INPUT MATERIAL:
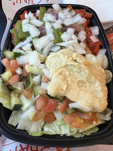 Read moreDecided to stop for lunch with hubby after our monthly appointment a few blocks away, and we are SO glad we did! The location is great, with plenty of parking, and inside is spacious and spotless! The people working here are super friendly and knowledgable about all of their food. We both got chicken over rice, Hubby had Lamb and chicken on his, some pitas, with some salad and sautéed onions on the side. I have to add the prices were surprisingly affordable for all the food we got, I took half of mines home I had so much I couldn't finish it! They offer packets of white sauce or hot sauce in case you're like me and want to add little bye little as you eat. Oh and omggg get the GREEN SAUCE! Its a cilantro sauce with a little bite to it and its sooo good I put it on everything! After we were done, we got an extra plate to take home to our son who was in school at the time and boy oh boy was he happy when he came home from school and ate! He asked me afterwards, where did we get the food and how soon can he go with is next time, commenting on how good it was :) Our server Jose suggested we try it because we never had it before and wow....it was great! He's for sure an asset to this establishment, personable and professional also. We woke up today, planning our next visit and how much we are going to buy to take home as well! Ohh wait i forgot,,, they have a larger white sauce you can buy to take home and ohh yeah baby we sure did :)
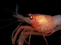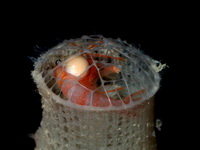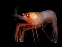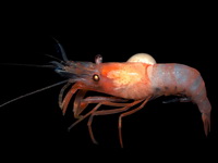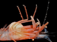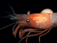 | Этот вид креветки был найден внутри губки. Глубина, с которой была поднята губка, - 840м. |
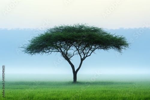 © bigkage, Obraz premium Single acacia tree standing alone in a vast open grassy field surrounded by soft morning fog and muted light, creating a peaceful minimalistic nature landscape composition
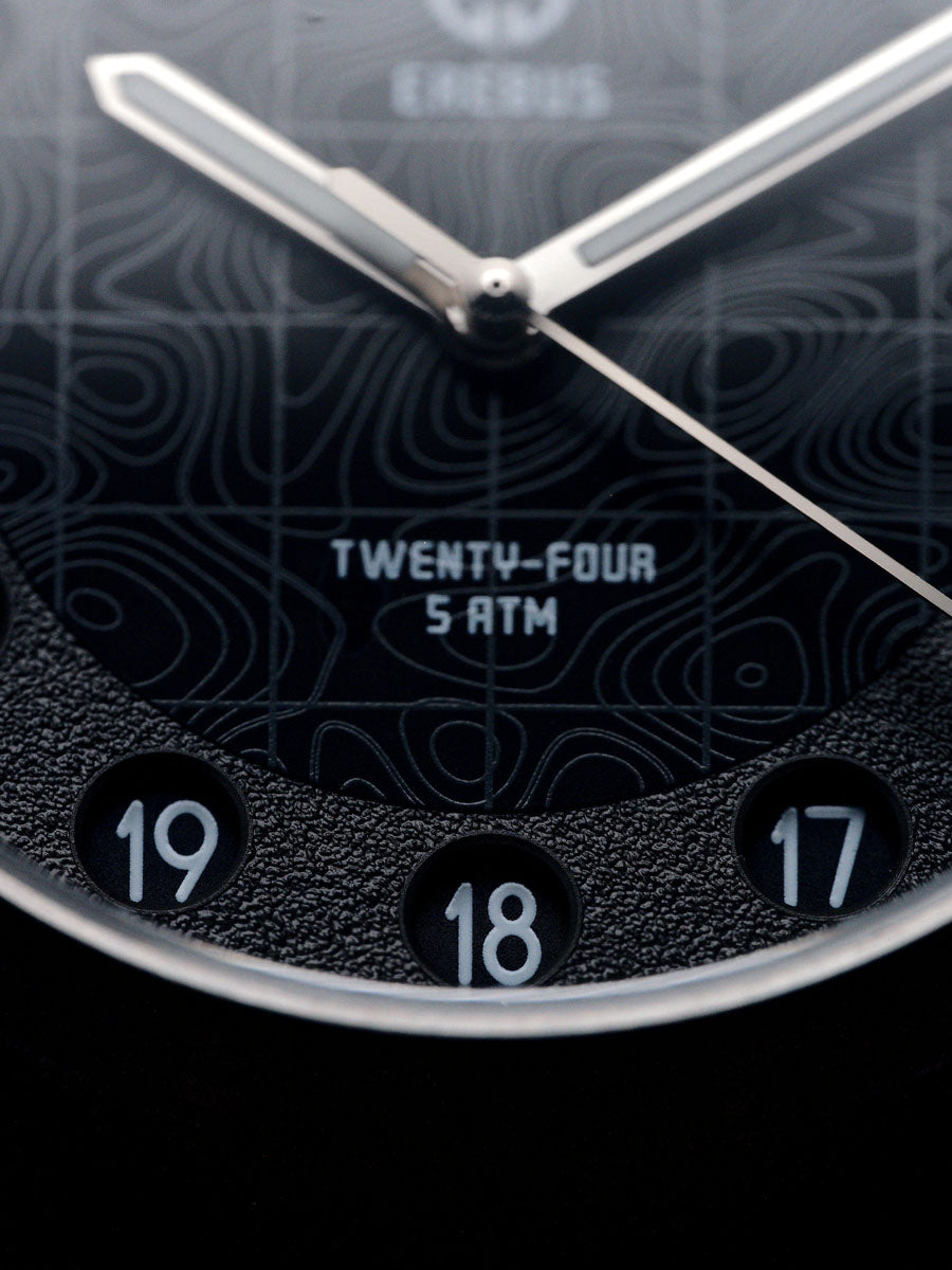 The Erebus Twenty-Four introduces something rarely seen in modern watchmaking; a true 24-hour time display housed within a clean, highly legible field watch design.
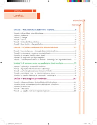 O documento apresenta informações sobre os biomas brasileiros, divididos em quatro unidades. A Unidade 1 descreve as características naturais dos principais biomas, incluindo Amazônia, Caatinga, Cerrado, Pantanal, Mata Atlântica, Zona Costeira e Campos Sulinos. As unidades subsequentes abordam a formação do território brasileiro, a ocupação atual do solo e as regiões geoeconômicas do país.
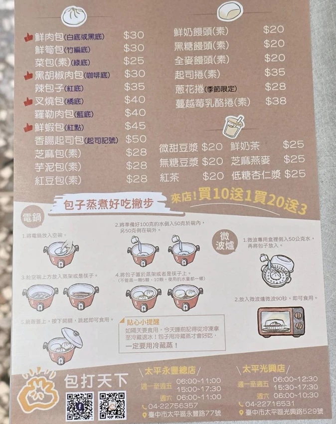 更令人期待的是——包打天下即將迎來第三家分店開幕!看得出來在地人氣真的很穩,如果你跟小涼一樣是「看到蓬蓬白白的包子就會忍不住想咬一口」的那種人,把太平店直接收進口袋名單準沒錯。
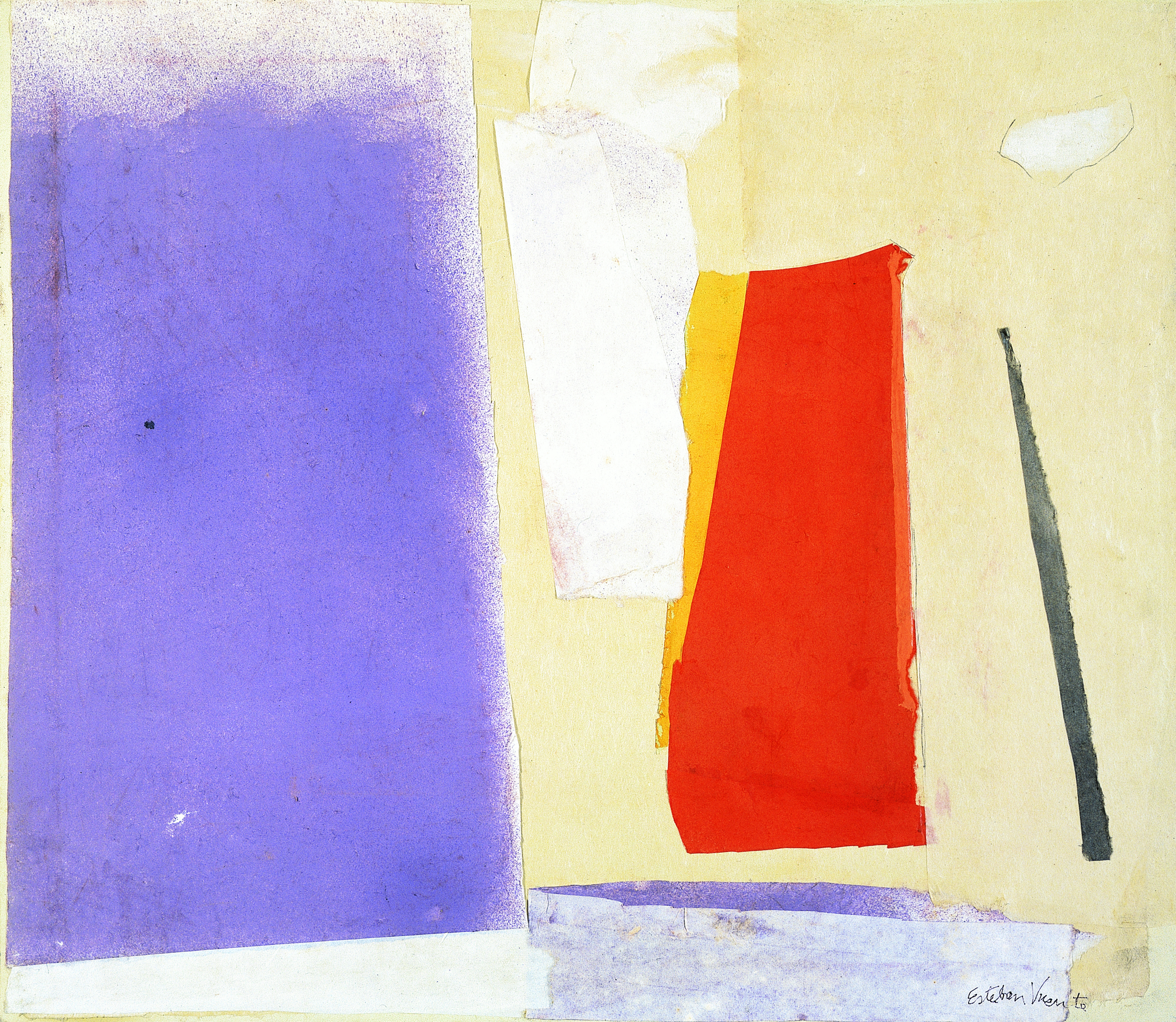 Vicente’s collages, which he first began producing in 1949, provide an insightful connection when viewed alongside works on paper created by some of his contemporaries, including Jackson Pollock and Willem de Kooning.

EXERCISE OBJECTIVE: Above this task is a listing with pictures in it. Retype only the lines from the one containing "The Erebus Twenty-Four" through the one containing "O documento apresenta", both included, and not the pictures.

WRITTEN SOLUTION:
 The Erebus Twenty-Four introduces something rarely seen in modern watchmaking; a true 24-hour time display housed within a clean, highly legible field watch design.
 O documento apresenta informações sobre os biomas brasileiros, divididos em quatro unidades. A Unidade 1 descreve as características naturais dos principais biomas, incluindo Amazônia, Caatinga, Cerrado, Pantanal, Mata Atlântica, Zona Costeira e Campos Sulinos. As unidades subsequentes abordam a formação do território brasileiro, a ocupação atual do solo e as regiões geoeconômicas do país.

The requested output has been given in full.